I didn't look much further, but seeing that paper as the first result does make me very skeptical about the idea.




> We have skin and other barriers that protect the cells.

This disregards the fact that Roundup can easily be inhaled or absorbed through food consumption or through skin-to-mouth contact.

It's literally sprayed. And when it's on food, it can easily be consumed.


yeah, you have to be careful with the studies that equate stuff in cell culture with stuff in real organisms.

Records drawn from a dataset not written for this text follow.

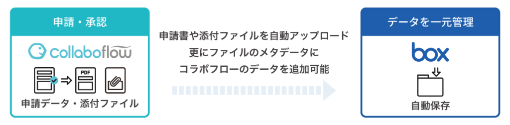 さらに、申請書の項目情報を Box のメタデータとして自動連携できるため、文書検索・分類・活用までを一気通貫で実現します。
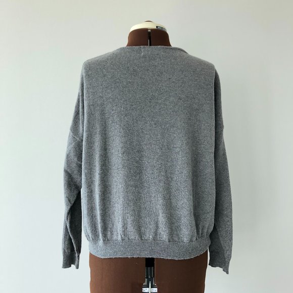 Preowned condition in excellent shape with no visible flaws. Content and size tag missing but think sweater is a wool blend. Machine washable on delicate cycle, in cold water and in laundry bag.
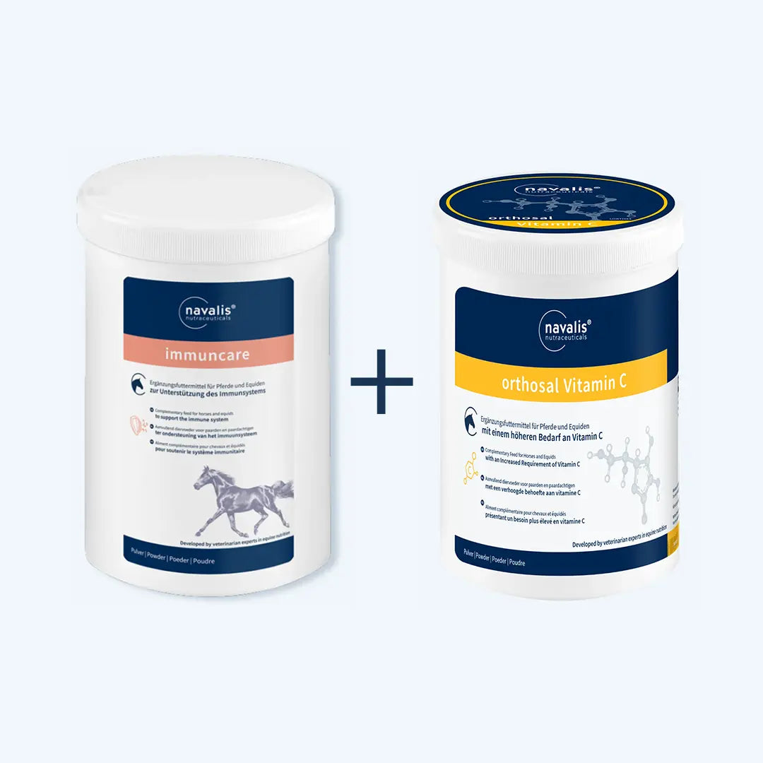Das navalis Immuncare® Pferdepaket bietet natürliche Unterstützung für ein starkes Immunsystem. Mit einem hohen Anteil an wertvollem Beta-Glukan aus der Zellwand der Bäckerhefe stärkt es die Abwehrkräfte und verbessert die Widerstandsfähigkeit des Pferdes. Ergänzt wird das Paket durch navalis Orthosal® Vitamin C, das die körpereigene Abwehr zusätzlich unterstützt. Ideal für Phasen erhöhter Belastung, Wintermonate, Virusausbrüche, Infektionen, intensive Trainingsphasen und die Erholung nach Erkrankungen. Eine gezielte Supplementierung stärkt die Immunabwehr nachhaltig und steigert die Vitalität Ihres Pferdes. Mit navalis Immuncare® und Orthosal® sorgen Sie für das Wohlbefinden Ihres Pferdes.
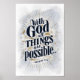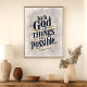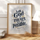 Inspire faith and hope with this beautiful typographic art print featuring the powerful verse from Matthew 19:26. The elegant script and delicate floral accents create a serene and uplifting design, perfect for adding a touch of spiritual inspiration to your home or office decor.
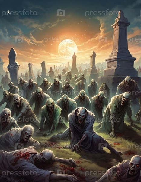 Гротескные зомби появляются из могил, разложившиеся тела освещаются лунным светом. Скелетные фигуры бродят среди надгробий, в то время как другие ползают по земле, демонстрируя свой ужасный вид. ИИ
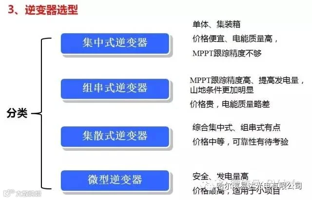 光伏逆变器主要分为:集中式逆变器、组串式逆变器、集散式逆变器、微型逆变器等。
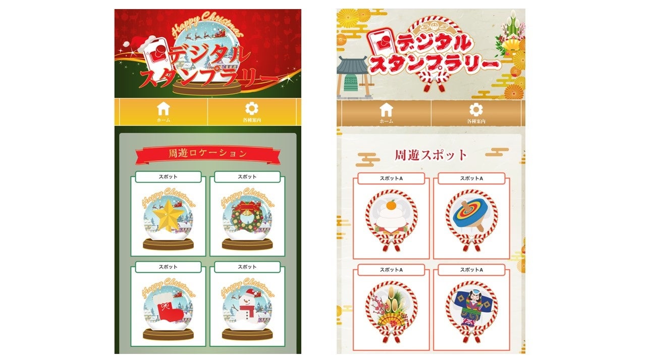 デジタルスタンプラリー制作支援サービス「go to town」は、新しいテーマテンプレート【クリスマス】【お正月】をリリースいたしました。
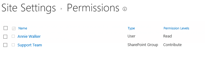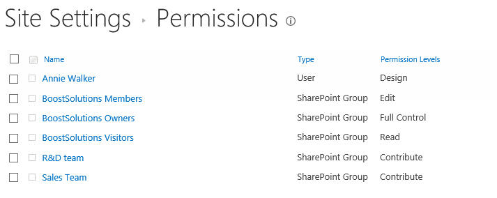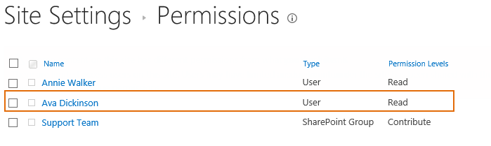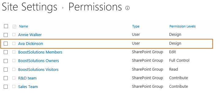 Enter one site – Administration and check the permission settings. You will find that the user Ava Dickinson has been assigned to Design permission level as same as user Annie Walker.
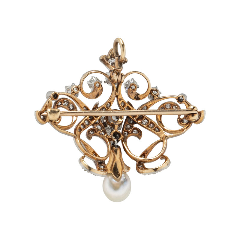 ANTIQUE, DIAMOND AND CULTURED PEARL BROOCH PENDANT

we have metrics for "chemical X probabalistically causes cancer Y in tissue Z".

you can play games with the ROA and the probability. but the type of chemical (detergent, etc) is a non sequitor. if you expose cells to a detergent in high enough concentration, they'll lyse.

lysed cells are an ENTIRELY distinct "type" of cell death than the kind of cell death signature that you would see if the cell were cancerous. the author of that study didn't do any flow cytometry on his 293 T samples by the looks of it, but if he had, the differences would be enlightening. compare someone who has died in a plane crash to someone who died of ebola. you'd know that one was not the other very easily even if you couldn't attribute a cause.

anyhow, i looked at that paper you linked. the other big problem with the monsanto chemical -- which was not even mentioned in the lawsuit (!) was that it is an endocrine disruptor even in situations where it is not toxic. in other words, it's terrible for you and will distort your body's hormone chemistry in ways we probably don't even understand yet. that's just as big of a story as the chemical being legally confirmed as carcinogenic.


I'm confused, are you arguing that cellular changes cannot impact a larger organism because they have too many cells?


Cell cultures are plain cells growing in a plastic bottle. Human cells have only a cell membrane made of phospholipids around them, which can get easily disrupted by detergents. Humans don't die when exposed to a drop of soap, cell cultures do.

That doesn't mean that a detergents can't have other effects that are harmful to humans. It just means that I don't think a cell culture experiment proves anything in such a case. A study in animals would be something different.


The landscape is riddled with data from cell lines that doesn’t extrapolate to whole organisms. There is a massive difference between the two.


That's not how I'd interpret this sentence: "We have skin and other barriers that protect the cells." It sounds to me like the author claims that humans have skin, which is true, and that skin forms a barrier that protects internal cells, which is extremely plausible.


That's a literal interpretation. A contextual interpretation implies that Roundup cannot cause harm through the observed means because it cannot clear the skin, the latter of which is patently false.


No. The contextual interpretation says that the above-mentioned study doesn't prove Roundup is harmful because the same results would be observed with any detergent, to which we are regularly exposed without suffering any harm.

Therefore, Roundup might or might not be harmful, but the study doesn't tell us much about it.


> to which we are regularly exposed without suffering any harm.

Right, because we're instructed not to consume detergents. Following this instruction keeps the detergents outside the body.

We are instructed to consume food grown with herbicides such as Roundup, and Roundup is often (if not always) delivered in a sprayed manner with significant aerosolization.